2. Click "Review Plan".
3. Monitor job in Jobs dashboard.
4. Verify review-log in idea detail page.
5. Accept/reject approval.
6. Confirm status transition and IdeaLog entry.
---
## Future Enhancements
1. **Direct Multi-Model Calls:** Use Claude API to invoke Haiku, Sonnet, Opus separately with model switching.
2. **Codex Injection:** Auto-load and inject `docs/patterns/**/*.md` and `docs/architecture/**/*.md` as context.
3. **Configurable Thresholds:** Allow product-level convergence percentage and max-rounds settings.
4. **Review History:** Preserve all review-logs for audit trail and re-review diffs.

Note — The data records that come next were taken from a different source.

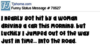 X I nearly got hit by a woman driving a car this morning, but luckily I jumped out of the way just in time... Into the road.
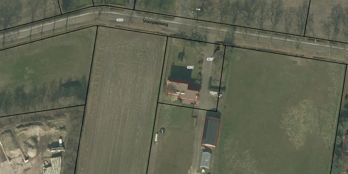Voorpeelweg 10 is gelegen op kadastraal perceel DNE00L3678. Deze kadastrale aanduiding is uniek en wordt gebruikt door het Kadaster om eigendomsrechten en andere zakelijke rechten vast te leggen. Het perceel maakt onderdeel uit van de kadastrale gemeente Deurne.
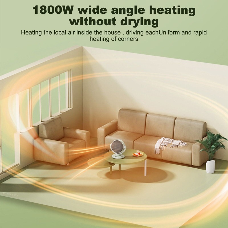 2. Automatic Shaking Head: Experience large-angle, automatic rotating for efficient indoor circulation heating. The heater rotates 90 degrees automatically and can be manually adjusted up and down by 180 degrees.
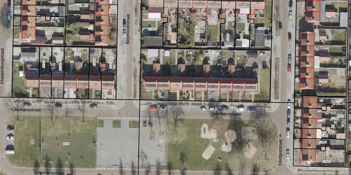 Het perceel waarop Leemansstraat 19 staat heeft een oppervlakte van 2228 m². Dit is een zeer groot perceel. De perceeloppervlakte wordt geregistreerd door het Kadaster. Gedetailleerde informatie over de maten van dit perceel kunt u vinden in het rapport Kadastrale kaart met maatvoering van Leemansstraat 19.

5. **Feedback Loop:** Log user edits between review rounds and suggest re-run based on delta.
6. **Scheduled Re-Review:** Auto-trigger review after N days (staleness check).
---
## References
- `docs/architecture/jobs.md` — Job system architecture.
- `docs/patterns/server-action.md` — Server action pattern (startReviewPlanJobAction).
- `docs/api/rest-contract.md` — API surface for plan-review.
- `lib/idea-status.ts` — Status transition graph and state machine.
- `lib/idea-plan-parser.ts` — Plan YAML parsing (validator for approved plans).